Personaje trágico por mil circunstancias (como lo fue su hermanastra Jane Clairmont [1798-1879]), Mary Wollstonecraft Godwin perdió a lo largo de su vida a varios hijos y a su esposo, que morirá ahogado en 1822.

Realmente, Frankenstein fue concebida en 1816, pero el parto de la criatura aún requirió de la ayuda de varias relecturas. Entusiasta por naturaleza y algo insegura, no ya por presiones sociales, sino por la dejadez familiar (paterna, principalmente: la madre murió tras el parto), en Mary Shelley hace mella la inestabilidad emocional que esta situación supone, lo que se traduce en una huida trashumante y en cierta postergación y sumisión de las que, por fortuna, sabría recuperarse con la madurez.

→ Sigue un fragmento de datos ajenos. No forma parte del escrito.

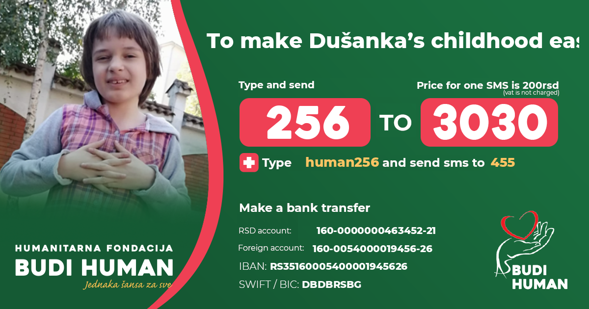 To make Dušanka’s childhood easier! Let's be humane!
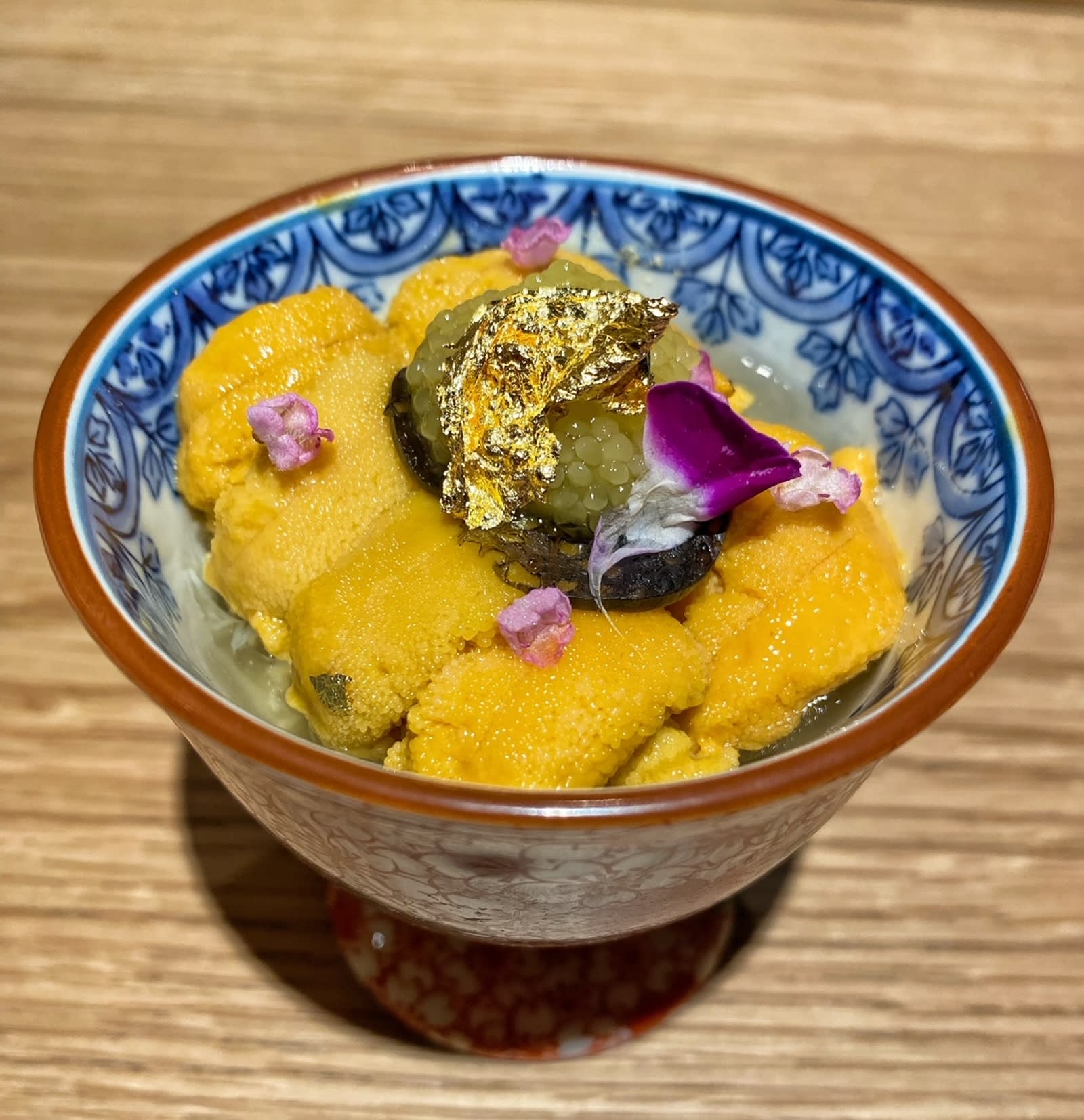 The Matsuba crab gelée, topped with Hokkaido uni, pressed caviar and sturgeon gold caviar, is a heavenly little bowl of pure indulgence. The sweet crab with creamy sea urchin is punctuated by pops of briny richness from the two varieties of caviar.
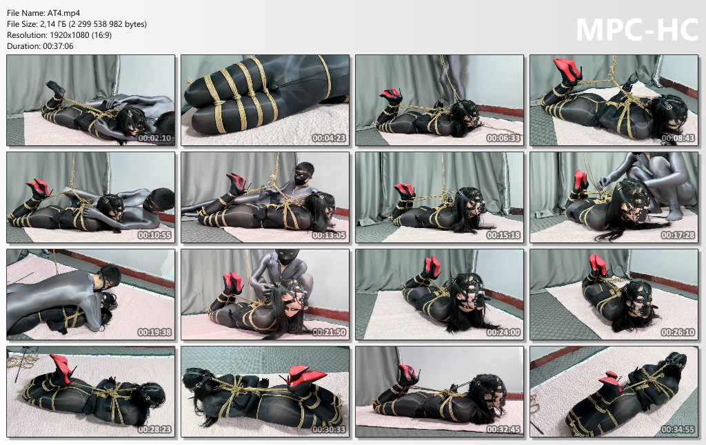 “Completely bound, Ao Yan was completely unable to move. All her senses were amplified, and she could only passively endure any stimulation. The glossy black stockings made her curvaceous figure look incredibly alluring, but what was most pleasurable was the constant rise and fall of her stockinged buttocks. Because the bob was out of control throughout, its presence was constantly being acknowledged. Due to the tight bondage and the gag pulled up to the extreme, Ao Yan’s body was essentially immobile no matter how much she struggled, resulting in the constant rise and fall of her stockinged buttocks—a sight that was truly arousing. Of course, Ao Yan was whimpering the whole time, whether from the discomfort of the gag being stretched to its limit or from the trembling of the bobby bowl, it was hard to tell. In any case, this initially unruly girl had now become a shameful, strictly restrained slave. Of course, she was still considerate enough to occasionally turn Ao Yan over so the pressure would be more even, but it didn’t change her state. She was left like this for over half an hour, and when she was finally untied, Ao Yan was practically exhausted. However, normally, a slave shouldn’t be untied, but Ao Yan needs to gradually get used to her slave state. It’s okay, take it slow, Ao Yan will definitely become better and better, keep trying!”

El caso es que el matrimonio de los padres de Mary hace aguas; la madre fallece, como queda dicho, y el padre se vuelve a casar. El escaso afecto que el progenitor dispensa a la hija entra en contradicción con la progresía de sus declaraciones y principios, siendo el perfecto (que no único) ejemplo de aquello que se predica pero no se lleva a término; lo que, por cierto, incluye tanto al político y escritor William Godwin (1756-1836), padre de Mary, como a su marido, el poeta y ensayista Percy B. Shelley (1792-1822), y al amigo de ambos, el célebre -literariamente hablando-, George Gordon Lord Byron (1788-1824). Siendo, en definitiva, esta circunstancia un trasvase psicológico que se transmite claramente a la novela: el protagonista no sabrá estar a la altura de sus actos.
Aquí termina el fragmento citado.